David McNab

Personal information
- Date of birth: 2 December 1897
- Place of birth: Cleland, Scotland
- Height: 5 ft 11 in (1.80 m)
- Position: Full back

Youth career
- Cleland Juniors

Senior career*
- Years: Team / Apps / (Gls)
- Newarthill Thistle
- 1923–1925: Portsmouth
- 1925–1930: Fulham / 158 / (21)
- 1930–1931: Coventry City / 9 / (0)
- Llanelly

= David McNab (footballer) =

English footballer

David McNab (2 December 1897 – unconfirmed) was a Scottish footballer who played as a defender for Portsmouth, Fulham and Coventry City. He played in 158 matches in the Football League for Fulham (169 in all competitions), scoring 21 goals, between 1925 and 1930. He joined Coventry in summer 1930 for a fee of £500, and made nine appearances for the club.

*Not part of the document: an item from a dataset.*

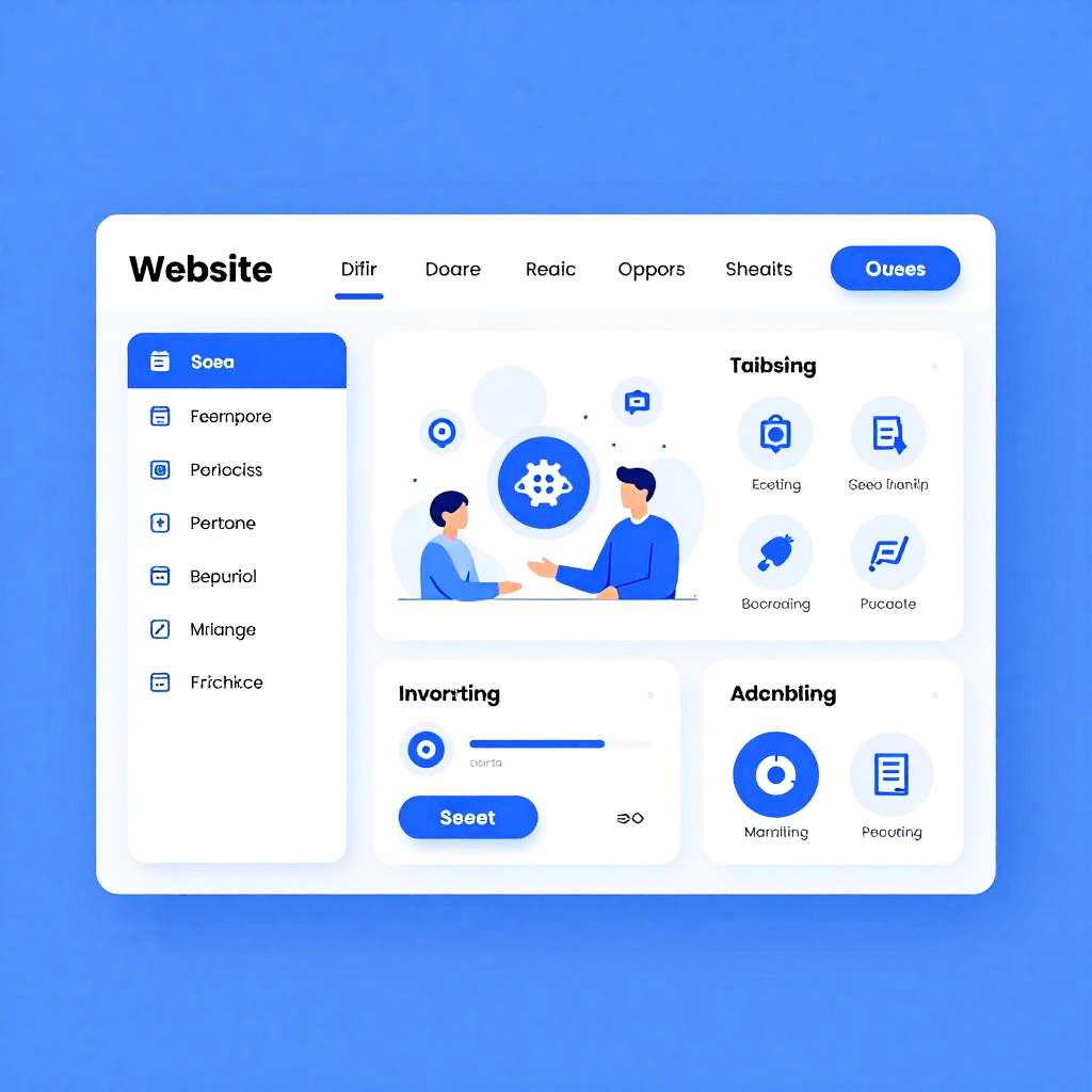 Website ai generator dashboard, user-friendly layout with AI-powered tools, digital workspace displaying real-time website building and machine learning algorithms, blue and white color scheme, modern minimalistic style, clean vector art

He also played for Newarthill Thistle, Llanelly, and Walton-on-Thames.

His older brother Jock played for Liverpool and was capped once for Scotland. The siblings faced each other when Fulham beat Liverpool 3–1 in the 1925–26 FA Cup Fourth Round; they were later in opposition in the Third Division South after Jock joined Queens Park Rangers.